An exact copy of all the data is required, with pictures left out.

■ Dataset section ■
--

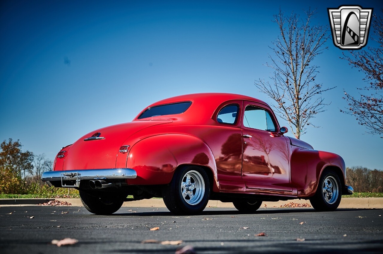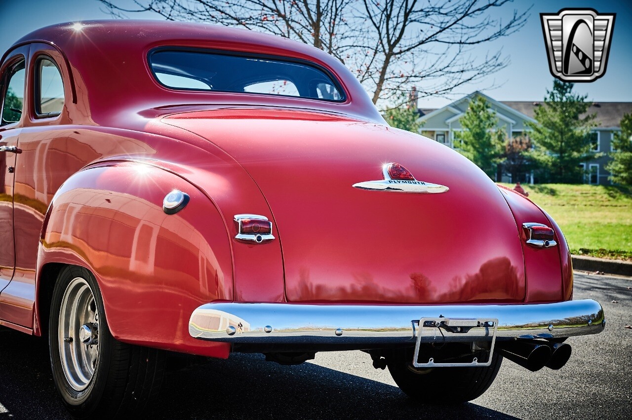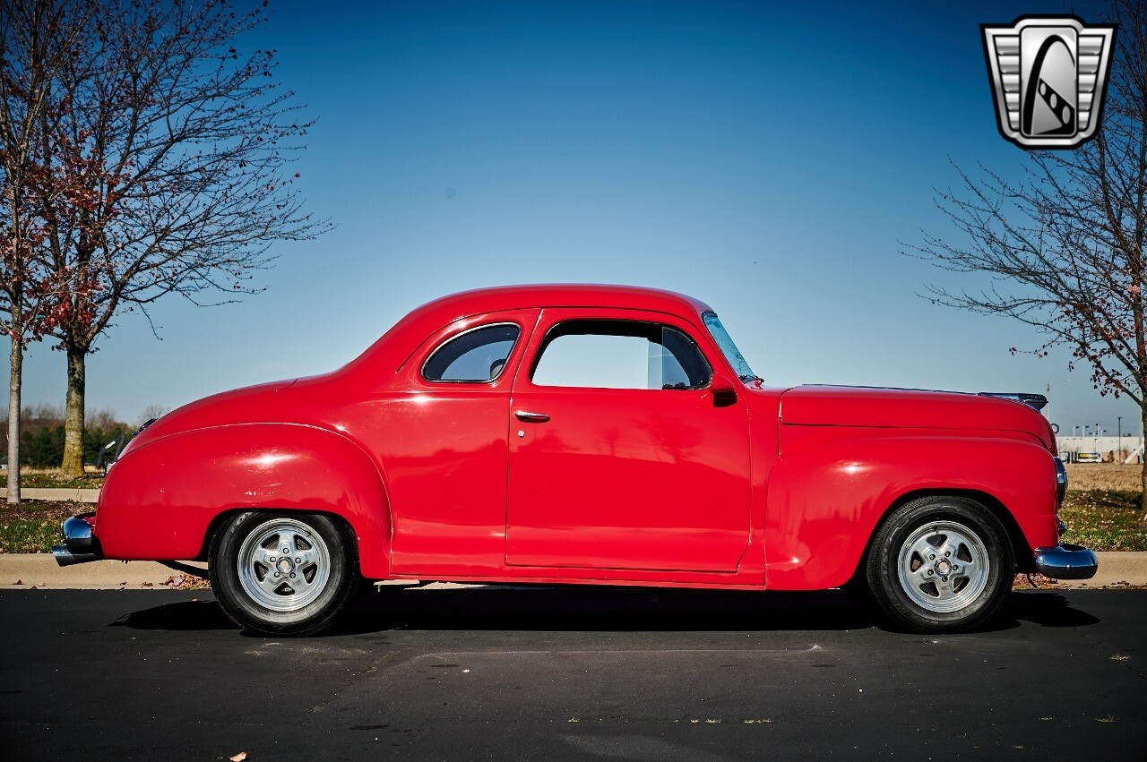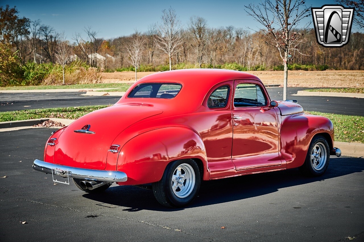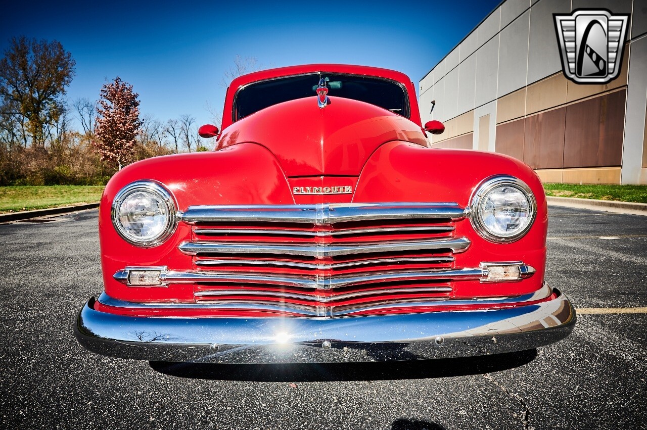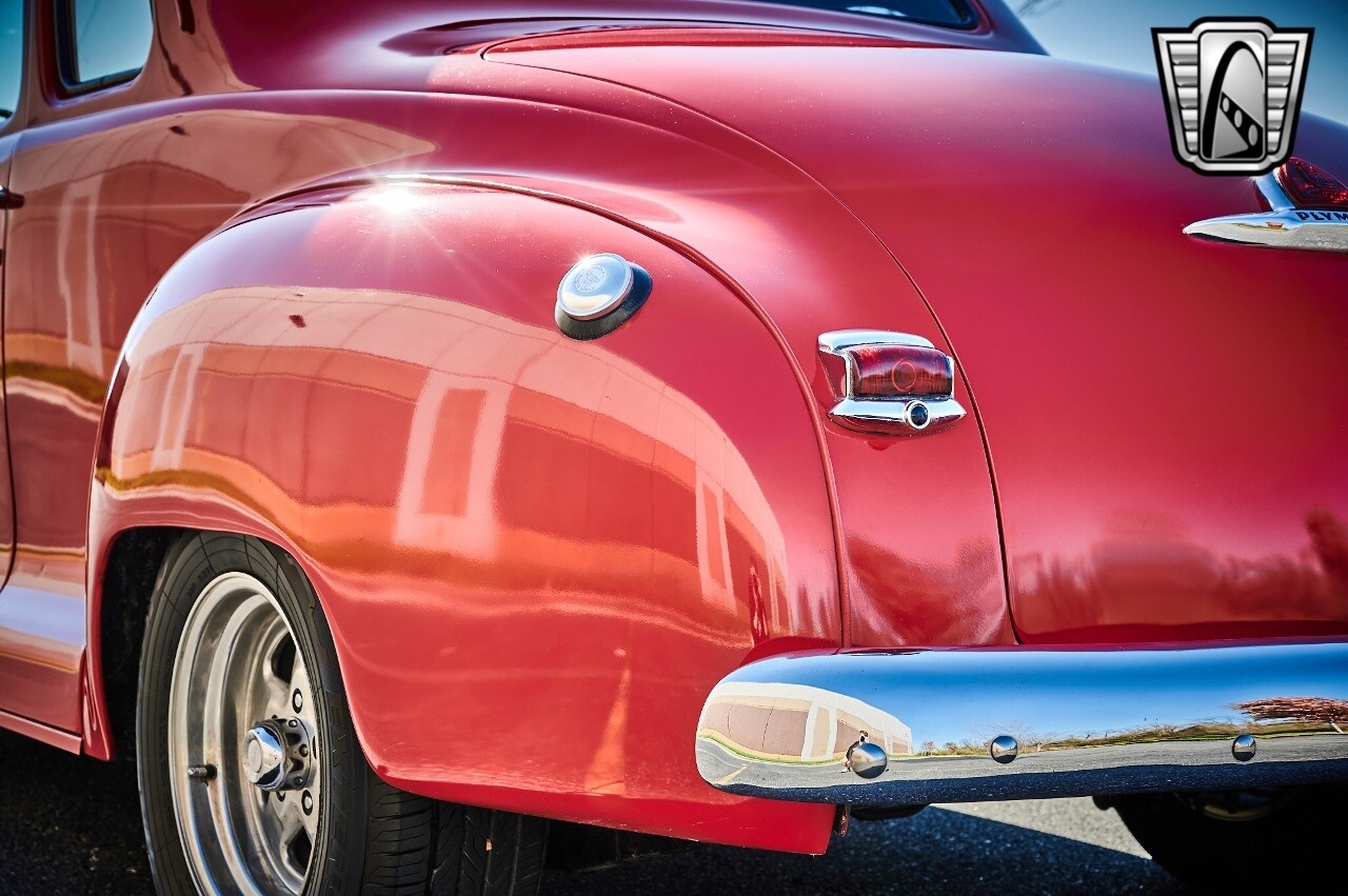Gateway Classic Cars of STL is excited to list this 1948 Plymouth Super Deluxe coupe. This Victory Red 2 door beauty has a 318 CID V-8 Dodge engine paired up to an automatic transmission. This car has had a Nova subframe installed to modernize the front suspension system along with front power disc brakes. For added comfort & convenience, it has power steering, cruise control, LeCarra Steering wheel, tilt steering wheel & has had aftermarket air conditioning installed. The power tan door panels, floor mats and bucket seats with seat belts, compliment the blue carpet, dash & metal work inside. The below eye line dual outside mirrors add to its sleek look. This machine has staggered 15 inch alloy wheels wrapped in steel belted radial tires front & rear. According to the owner, this car has had air shocks installed on the rear of the car. The dash is complimented with functional Auto Meter gauges, indicator light for turn signals & a functioning nostalgic AM/FM Cassette player. The exhaust system has dual chrome tips both exiting the passenger side rear of the car. [ omitted ]. [ omitted ]. The St Louis showroom is located at 1237 Central Park Drive, O'Fallon Illinois 62269.
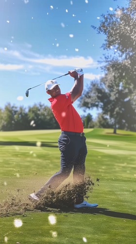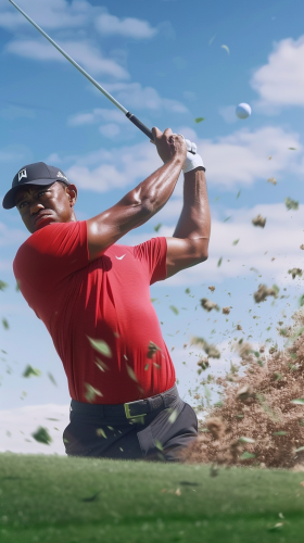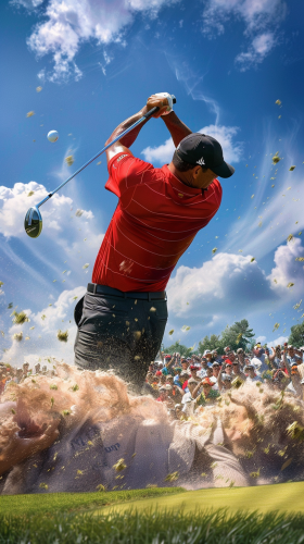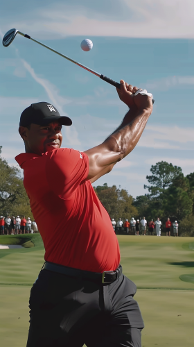 Create a high-energy TikTok-style video of Tiger Woods hitting a perfect flop shot on a sunny golf course. Show Tiger in his iconic red shirt, intensely focused, as he gracefully swings the club. Capture the ball soaring high with a slow-motion arc, landing softly near the pin on a lush green. Include close-ups of the crowd's reactions and the precise moment the ball lands, with dramatic music or sound effects to heighten the tension --ar 9:16 --v 6.0
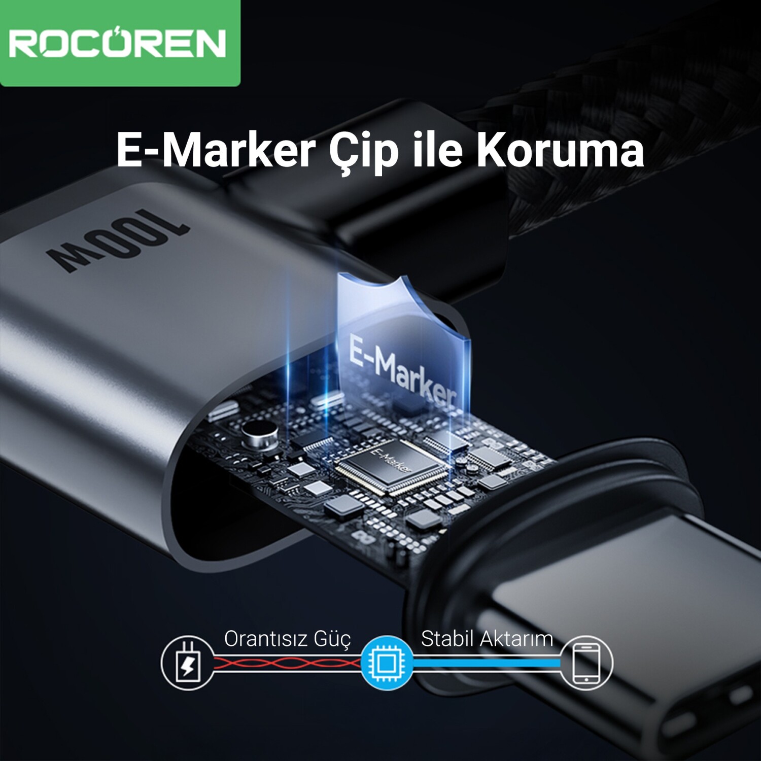 PD 100W güç iletimi, QC3.0, AFC, PPS, SCP ve FCP gibi hızlı şarj protokolleriyle geniş uyumluluk sunarak dizüstü bilgisayarlar, tabletler ve akıllı telefonlar için ideal bir seçimdir. E-Marker çipi, güvenli güç aktarımı sağlayarak aşırı akım ve kısa devre koruması sunar. Saf bakır iç tel, maksimum iletkenlik sağlarken, örgü kablo kaplaması bükülmelere ve aşınmalara karşı ekstra dayanıklılık sunar.
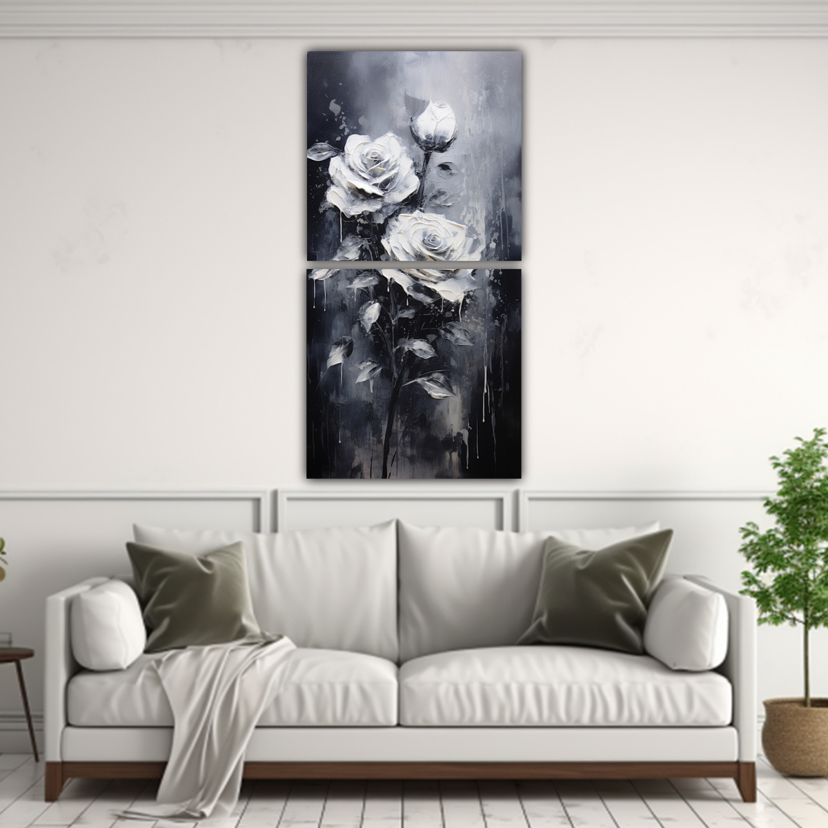 Este cuadro de Calma con rosas negras en lienzo sería perfecto para decorar cualquier espacio que necesite un toque de elegancia y serenidad Colócalo en tu sala de estar o en tu dormitorio para crear un ambiente relajante Combina perfectamente con muebles en tonos neutros y accesorios plateados o grises, creando una atmósfera sofisticada ¡Aprovecha la calidad y precios económicos de DecoCuadros para embellecer tu hogar!

--

■ Result ■
Gateway Classic Cars of STL is excited to list this 1948 Plymouth Super Deluxe coupe. This Victory Red 2 door beauty has a 318 CID V-8 Dodge engine paired up to an automatic transmission. This car has had a Nova subframe installed to modernize the front suspension system along with front power disc brakes. For added comfort & convenience, it has power steering, cruise control, LeCarra Steering wheel, tilt steering wheel & has had aftermarket air conditioning installed. The power tan door panels, floor mats and bucket seats with seat belts, compliment the blue carpet, dash & metal work inside. The below eye line dual outside mirrors add to its sleek look. This machine has staggered 15 inch alloy wheels wrapped in steel belted radial tires front & rear. According to the owner, this car has had air shocks installed on the rear of the car. The dash is complimented with functional Auto Meter gauges, indicator light for turn signals & a functioning nostalgic AM/FM Cassette player. The exhaust system has dual chrome tips both exiting the passenger side rear of the car. [ omitted ]. [ omitted ]. The St Louis showroom is located at 1237 Central Park Drive, O'Fallon Illinois 62269.
 Create a high-energy TikTok-style video of Tiger Woods hitting a perfect flop shot on a sunny golf course. Show Tiger in his iconic red shirt, intensely focused, as he gracefully swings the club. Capture the ball soaring high with a slow-motion arc, landing softly near the pin on a lush green. Include close-ups of the crowd's reactions and the precise moment the ball lands, with dramatic music or sound effects to heighten the tension --ar 9:16 --v 6.0
 PD 100W güç iletimi, QC3.0, AFC, PPS, SCP ve FCP gibi hızlı şarj protokolleriyle geniş uyumluluk sunarak dizüstü bilgisayarlar, tabletler ve akıllı telefonlar için ideal bir seçimdir. E-Marker çipi, güvenli güç aktarımı sağlayarak aşırı akım ve kısa devre koruması sunar. Saf bakır iç tel, maksimum iletkenlik sağlarken, örgü kablo kaplaması bükülmelere ve aşınmalara karşı ekstra dayanıklılık sunar.
 Este cuadro de Calma con rosas negras en lienzo sería perfecto para decorar cualquier espacio que necesite un toque de elegancia y serenidad Colócalo en tu sala de estar o en tu dormitorio para crear un ambiente relajante Combina perfectamente con muebles en tonos neutros y accesorios plateados o grises, creando una atmósfera sofisticada ¡Aprovecha la calidad y precios económicos de DecoCuadros para embellecer tu hogar!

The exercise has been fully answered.